The largest in the world, Indonesia’s Muslim punk community is fascinating subject matter for Jimmy Hendrickx’s bold ‘A Punk Daydream’.
The documentary sheds light upon two tribes – spiky punk misfit Eka and his friends, and the ancient Dayak people – linked by their taboo tattooed skin and stifling social marginalisation in a conservative society.
The Dayak tribe’s way of life is threatened by the same march of modernity that spawned their mohawked counterparts, a commonality adeptly highlighted by the film.
From the outset, music is Hendrickx’s most evocative tool; punk scuzz blares over shots of the serene Indonesian countryside, and warehouse gigs are imbued with the same spirituality as Dayak rituals.

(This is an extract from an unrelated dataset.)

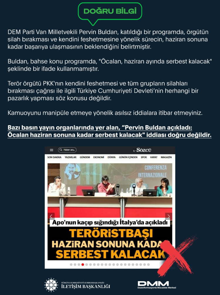Dezenformasyonla Mücadele Merkezi’nden yapılan açıklamada, “DEM Parti Van Milletvekili Pervin Buldan, katıldığı bir programda, örgütün silah bırakması ve kendini feshetmesine yönelik sürecin, haziran sonuna kadar başarıya ulaşmasının beklendiğini belirtmiştir. Buldan, bahse konu programda, “Öcalan, haziran ayında serbest kalacak” şeklinde bir ifade kullanmamıştır. Terör örgütü PKK’nın kendini feshetmesi ve tüm grupların silahları bırakması çağrısı ile ilgili Türkiye Cumhuriyeti Devleti’nin herhangi bir pazarlık yapması söz konusu değildir. Kamuoyunu manipüle etmeye yönelik asılsız iddialara itibar etmeyiniz” ifadeleri yer aldı.

While the stark animosity toward punks, a hangover from the militaristic Suharto regime, is powerfully communicated, the Dayak at times act as a foil, and the film would benefit from delving deeper into their community. That said, its most thoughtful moments lie in subtle details – microcosms of Indonesian society peppered throughout vibrant street life sequences. In city smog, chickens are hastily slaughtered by the roadside, framed with nauseating bluntness. Later, the Dayak tribe’s ritual killing radiates respect; the values of brutalised urbanity have crept into the smallest of acts.
From anarchic hairstyles to hand-tapped tattoos, Hendrickx foregrounds the determinedly DIY nature of the punk community, an affront to the movement’s western commercialisation. Though not especially cinematographically impressive, intriguing visual contrasts carry the film. Scrappy form aside – as Eka’s red Doc Martens glisten in the South Asian sun, ‘A Punk Daydream’ captures the rebellious spirit of his people.
A Punk Daydream received nominations from the Warsaw International Film Festival and the St Petersburg Message to Man Film Festival for Best Full-Length Documentary Film.